Wednesday, 22 June 2016

A Harder Rain May Fall

After weeks of wondering, Jiangsu authorities are now very worried about the rising waters in the province.

Their unease is taking two forms.

One of those is natural.

That is, water levels are already rising at a steady rate here because of increased local rainfall. Nanjing and many of its suburbs have experienced heavy if scattered thunderstorms for a number of successive days and nights. At the same time, the irregular nature of these storms is clearly confounding forecasters, who’ve been having a great deal of trouble predicting just how much rain and where it will fall in “Nanjing”, a metropolitan area that’s no longer just a large city on the banks on the Yangtze River but now encompasses townships 25-30 km in every direction.

In any event, the timing for Nanjing and its various localities is lousy, because the Yangtze River nearby is now taking on more water from flood runoff upstream. Meanwhile, the rain that’s been raging in Zhejiang province next door is affecting the delta region to the southeast of Nanjing. Lake Tai [太湖], the region’s largest fresh water lake, is now over flood stage, and the cities of Suzhou, Changzhou and Wuxi in Jiangsu have reached the warning level just below actual flooding.

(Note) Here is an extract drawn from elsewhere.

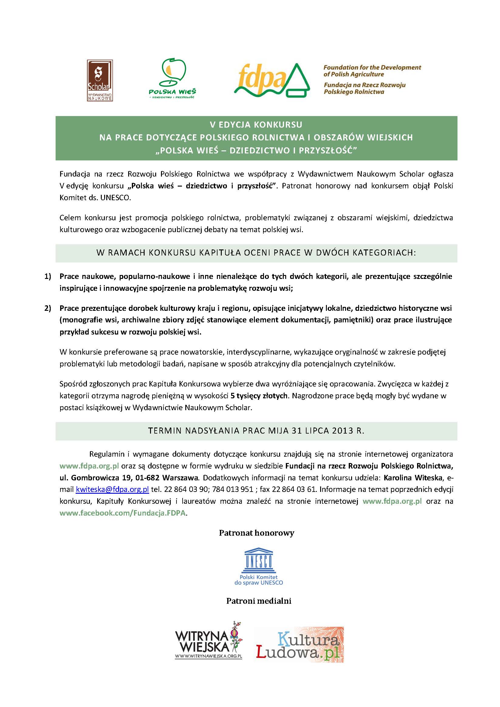 Fundacja na rzecz Rozwoju Polskiego Rolnictwa we współpracy z Wydawnictwem Naukowym Scholar ogłasza V edycję konkursu „Polska wieś – dziedzictwo i przyszłość”. Patronat honorowy nad konkursem objął Polski Komitet ds. UNESCO.
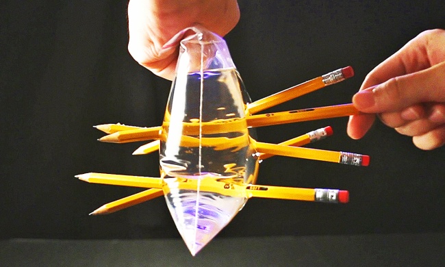 Пояснення: Якщо поліетиленовий пакет проткнути і потім залити в нього воду, вона буде виливатися через отвори. Але якщо пакет спочатку наповнити водою наполовину і потім проткнути його гострим предметом так, що б предмет залишився встромленим в пакет, то вода витікати через ці отвори майже не буде. Це пов'язано з тим, що при розриві поліетилену його молекули притягуються ближче один до одного. В нашому випадку, поліетилен затягується навколо олівців.

Furthermore, the timing of this new round of rain is made even more challenging by the fact that it’s high tide off China’s eastern coastline at the moment, making it more difficult for water to drain into the ocean, as well as putting more pressure on the province’s dubious dike and reservoir system.

In short, there’s more water coming to Jiangsu and pretty much nowhere to put it.

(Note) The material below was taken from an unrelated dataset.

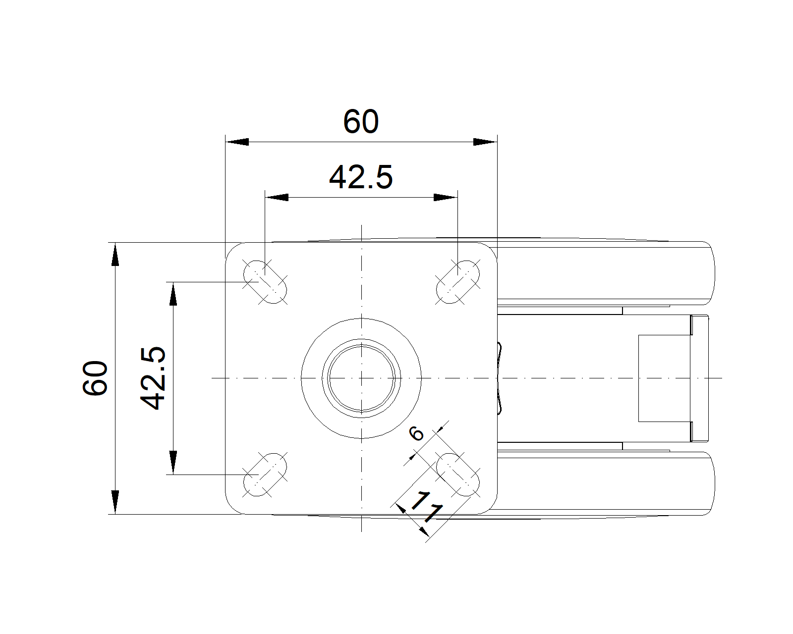 Rigid Casters, 42.5x42.5mm angled hole Top Plate

This rapidly developing situation led the Jiangsu provincial government to convene a meeting here this morning of “the relevant departments and work units” [有关部门和单位]--a conference to coordinate the response to the flooding that’s happening and that yet to arrive. Officials were instructed to “do their best work, pay close attention to changes in rainfall and weather, strengthen flood control and forecasting, and provide a scientific basis for decision-making”—the latter being less an instruction than clearly a cry for help in making the right choices. This isn’t going to be easy.

The other source of worry in Jiangsu turns out to be political. That is, whether local officials are actually up to the task of meeting the floodwaters head on.

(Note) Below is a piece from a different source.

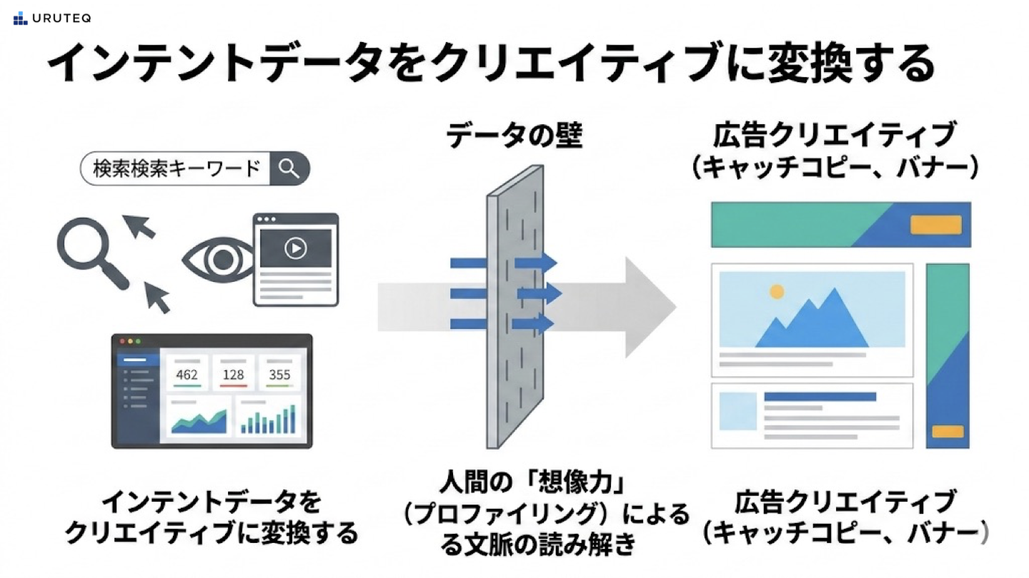 データはどこまでいっても数値と単語の羅列であり、そこから直接、人の心を動かすキャッチコピーやバナー画像が自動生成されるわけではありません。読み解く人間の想像力が介在して初めて、データは意味のあるコミュニケーションへと昇華されます。

An editorial in today’s Nanjing Daily expressed some doubts. The commentary, entitled “Flood Prevention and Disaster Relief, Better To Be Late Than Never”, [防汛减灾,多未雨绸缪少亡羊补牢] admonished local officials “not to stay hidden”, to “investigate early, so as to be able to intervene early”. “Stepped-up inspections of dikes, reservoirs, hydropower stations, sluices and other flood control projects are essential”, the editorial insisted, as was follow-up work to deal with disasters because “accidents will happen”.

The commentary also warned against “formalism”—that is, cadres simply going through the motions—and argued that “with fewer slogans, there is more effectiveness.” Officials needed “to be more active on a rainy day, so that an emerging situation can be remedied.”

This editorial isn’t just a set of instructions, but an unsubtle reminder to officials of what their predecessors tended to practice in previous disasters: a propensity to wait for Beijing to issue instructions before acting, too much caution for fear of censure, an unwillingness to be inventive—all of these are part of the general critique of cadres that Party leader Xi Jinping has been making since he took office. The commentary in Nanjing Daily wouldn’t have appeared out of the grey skies unless there was genuine nervousness about how local officials will respond when the waters rise.

And that’s because political reputations are at stake.

In a meeting held 2 days ago (but only mentioned this afternoon), Jiangsu’s boss Luo Zhijun [罗志军] reminded local officials that 6 years ago the province embarked on an extensive flood control and prevention project for Lake Tai (also a major water source for cities in the eastern part of the province) and said that he therefore expected Jiangsu to “win this battle in the protracted war” against flooding in the delta region. 

Luo is clearly worried for the public welfare, and also the political: He’s giving commands to cadres to make sure that they do their jobs, so that he and others can keep theirs.

It all may turn out fine in the end, for there are many fine officials in these parts. But there are nonetheless difficult days ahead for Jiangsu, for Nanjing, for its residents and their local rulers. It’s worth pondering about the possibility that floodwaters may not be the only things rolling in Jiangsu in the coming weeks.